This week, I blogged about the GAIT trial, or Glucosamine/Chondroitin Arthritis Intervention Trial, which was a large randomized, placebo-controlled trial conducted at several sites across the USA comparing glucosamine & chondroitin with placebo and paracetomol for arthritis.
We've got the trial out of the way and we know that the results, although interesting, really confirm what we already knew about glucosamine, in that it's not a magic pill. It's just a pill. A pill that us highly suggestive arthrites rely on, perhaps, for pain relief as placebo, but with no actual effect.
Now comes the odd part.
If you type "gait trial" in Google in UK, the first hit is www.GAITtrial.co.uk. If you go to www.GAITtrial.co.uk you are presented with a very professional website, made to look like it has some affiliation with the GAIT trial mentioned above. However, there are only two pages and no details about who has written it or who they are representing, but it helpfully gives us a few links at the bottom to where we can purchase some glucosamine.
Firstly, the pages information is considerably more positive than the trial researchers indicated - in fact, it says the direct opposite; compare
GAIT TRIAL IS GOOD NEWS FOR OSTEOARTHRITIS SUFFERERS(GAITtrial.co.uk)

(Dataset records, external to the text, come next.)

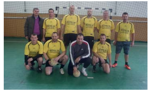
Az 1993-94-es ifjúsági csapat (kicsi változással)
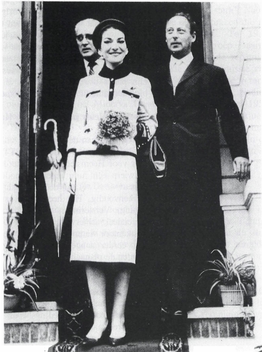
Afb. 20. Bezoek operadiva Maria Callas aan Heemstede
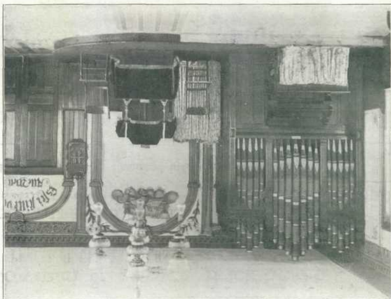
Weg und Wandel der deutschen Evangelischen Gemeinschaften.
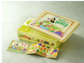
シーズナルグルメチケットセット 3,400円
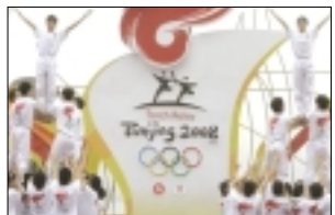
آینده چین در گرو سیاسی ترین المپیک تاریخ
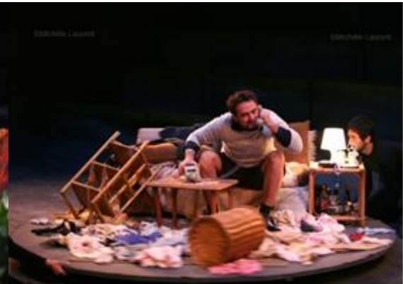
Fotografía ensayo obra "Les Éphémères" del Théâtre du Soleil. 2006. Paris, Francia
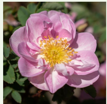
Rosa pimpinellifolia Mon Amie Claire

roze - landschapsstruikroos 50-100 cm middelsterkte, goed waarneembare geurige roos - geurbeschrijving niet beschikbaar Robert Brown

Dietary Supplements Glucosamine and/or Chondroitin Fare No Better than Placebo(NCCAM press release)
Secondly, the links at the bottom of the page are suspect - the first two, for Boots and Health Perception don't work, but the third for Joint Care does and it takes you to the Seven Seas Joint Care "Everyone needs healthy joints" website, advertising all manner of glucosamine pills.
Is it a coincidence that only the Seven Seas link works? Well, possibly, but another website, also designed by Two's Company Design Studio Ltd, which discussed the GUIDE study , a small European study that gave weakly positive results for glucosamine, the same thing happens. As an observation, whoever "sabotaged" the links did so in two different ways on the two sites, implying that only one link is supposed to work - the Seven Seas one.
Is this Seven Seas gently directing people to its site using false, hyped-up information, but without explicitly having to make the claims themselves?
I'm genuinely interested in what you think.